Si iscrive alla Democrazia Cristiana nel 1978, quando ha 16 anni. L'anno dopo viene eletto Presidente regionale del Lazio del Movimento Giovanile Democrazia Cristiana. Si laurea in Giurisprudenza presso l'Università La Sapienza di Roma, dove fu anche consigliere di Facoltà.
Nel 1983, viene nominato relatore della Commissione Ministeriale "Giacobbe" del Ministero dei Lavori Pubblici per la modifica delle Legge 392 sui contratti di locazione non abitativi. Nel 1984, viene eletto Consigliere nazionale e componente della Direzione del Movimento Giovanile della DC.
Nel 1985, viene eletto consigliere della I Circoscrizione del Comune di Roma (attuale Municipio I), ricoprendo l'incarico di presidente della Commissione Traffico-Urbanistica. Dall'anno successivo presta la propria attività lavorativa presso la Direzione Generale della Telecom Italia.
Dal 1989 al 1993, è consulente di società del settore delle partecipazioni statali. Sempre nel 1989, viene eletto consigliere comunale in minoranza nel piccolo comune di Cittareale, di cui la famiglia è originaria e viene rieletto consigliere della I Circoscrizione di Roma con il maggior numero di voti in assoluto. In virtù di questo, viene eletto Presidente della Circoscrizione, incarico che ricopre fino al 1993.
Nel 1993 diventa consigliere comunale di Roma e viene eletto Presidente del Consiglio Comunale. L'anno seguente aderisce al Partito Popolare Italiano (dove viene eletto Consigliere Nazionale, incarico confermato negli anni a venire).
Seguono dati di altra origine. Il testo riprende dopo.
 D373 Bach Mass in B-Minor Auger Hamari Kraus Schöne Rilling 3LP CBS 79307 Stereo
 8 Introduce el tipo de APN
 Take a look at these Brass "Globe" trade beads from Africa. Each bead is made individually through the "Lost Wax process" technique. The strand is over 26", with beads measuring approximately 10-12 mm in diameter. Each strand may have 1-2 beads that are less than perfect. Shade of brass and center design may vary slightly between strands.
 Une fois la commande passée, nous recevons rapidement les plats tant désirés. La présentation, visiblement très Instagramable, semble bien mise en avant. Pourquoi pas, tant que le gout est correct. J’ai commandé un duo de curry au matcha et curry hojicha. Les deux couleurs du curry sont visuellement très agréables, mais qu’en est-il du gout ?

Successivamente ricopre vari incarichi nella Giunta comunale di Francesco Rutelli.
Alle elezioni regionali del 2000, viene eletto consigliere regionale del Lazio per il PPI con oltre 13.000 voti di preferenza e viene nominato vicepresidente della Commissione regionale per la Famiglia. Nel giugno del 2001 diventa vicesindaco di Roma nella giunta di Walter Veltroni ed aderisce a La Margherita.
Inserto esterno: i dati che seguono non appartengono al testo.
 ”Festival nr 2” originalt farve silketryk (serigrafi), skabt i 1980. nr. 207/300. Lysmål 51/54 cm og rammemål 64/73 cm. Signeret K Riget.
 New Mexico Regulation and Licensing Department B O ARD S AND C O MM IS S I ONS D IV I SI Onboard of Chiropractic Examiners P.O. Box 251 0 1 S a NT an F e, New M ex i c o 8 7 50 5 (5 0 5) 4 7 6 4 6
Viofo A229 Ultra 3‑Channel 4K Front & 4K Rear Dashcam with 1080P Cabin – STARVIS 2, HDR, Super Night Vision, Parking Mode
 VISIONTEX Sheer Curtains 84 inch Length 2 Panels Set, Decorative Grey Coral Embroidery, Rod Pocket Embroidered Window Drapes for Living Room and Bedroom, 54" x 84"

Nel 2003, viene eletto Presidente della Provincia di Roma, ottenendo il 53,4% delle preferenze alla guida di una coalizione di centro-sinistra composta da DS, Margherita, PRC, Verdi, Udeur, PdCI, SDI, Italia dei Valori e (successivamente alla sua costituzione) Sinistra Democratica. Viene però contestato per la concessione di rimborsi per un totale di 3 milioni di euro a venti consiglieri, a titolo di risarcimento per i mancati guadagni professionali dovuti alla loro elezione in consiglio provinciale.[1]
Nel 2007 aderisce al Partito Democratico. L'11 febbraio 2008, dà le dimissioni da Presidente della Provincia così da partecipare alle Politiche del 13-14 aprile 2008, dove è candidato ed eletto alla Camera dei deputati per il Partito Democratico nel Collegio Lazio 1.[2]
Il 20 febbraio 2012 è stato eletto segretario regionale del Partito Democratico del Lazio[3].
[modifica] Note
- ^ Scandalo alla Provincia: 3 milioni per 10 uomini d'oro, l'Espresso, 25 gennaio 2008.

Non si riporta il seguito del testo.